With this enhancement, OpenShift Data Foundation now merges user-defined placement values with the default configuration. Users can specify only the sections they want to customize, while defaults for other placement types are preserved, ensuring consistent and expected placement behavior for components.

(This content is not included.DFBUGS-3835)

3.10. Support custom SCCs for VolSync DataMover pods

VolSync DataMover pods could not access data when using custom Security Context Constraints (SCCs), leading to sync failures in clusters with custom configurations. The DRPC spec now includes a VolSyncSpec field that allows users to configure the following:

  • MoverSecurityContext: Defines the PodSecurityContext for DataMover pods
  • MoverServiceAccount: Specifies a custom Kubernetes ServiceAccount for fine-grained RBAC control

These configurations are propagated to the VolumeReplicationGroup (VRG), ensuring VolSync components inherit the required privileges for successful operation.

(This content is not included.DFBUGS-3713)

3.11. Configurable memory and CPU for kube-rbac-proxy in ocs-metrics-exporter

Users can now configure memory and CPU for kube-rbac-proxy pods through the custom resource (CR). This enhancement addresses out-of-memory (OOM) issues encountered during ocs-metrics-exporter operations. By allowing resource adjustments, users can prevent running into these issues.

(This content is not included.DFBUGS-3286)

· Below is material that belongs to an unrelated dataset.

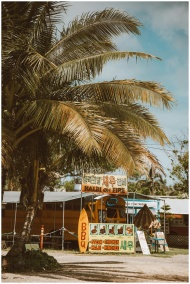 Street view of a vibrant food truck serving Korean BBQ in Honolulu under palm trees.
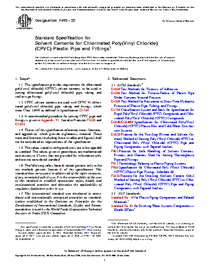 1.2 CPVC solvent cements are used with CPVC 41 chlorinated poly(vinyl chloride) pipe, tubing, and fittings, which meet Class 23447 as defined in Specification D1784.

Chapter 4. Behavior changes

4.2. Warning when there is a conflict between two pods using the same volume

OpenShift now fires the following warning when there is a conflict between two pods using the same volume: selinux_warning_controller_selinux_volume_conflict.

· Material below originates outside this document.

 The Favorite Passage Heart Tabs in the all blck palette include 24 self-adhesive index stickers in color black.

Chapter 5. Technology previews

This section describes the technology preview features introduced in Red Hat OpenShift Data Foundation 4.20 under Technology Preview support limitations.

Important

Technology Preview features are not supported with Red Hat production service level agreements (SLAs), might not be functionally complete, and Red Hat does not recommend using them for production. These features provide early access to upcoming product features, enabling customers to test functionality and provide feedback during the development process.

Technology Preview features are provided with a limited support scope, as detailed on the Customer Portal: Technology Preview Features Support Scope.

5.1. ARM architecture support in OpenShift Data Foundation

OpenShift Data Foundation components can now run on ARM-based clusters.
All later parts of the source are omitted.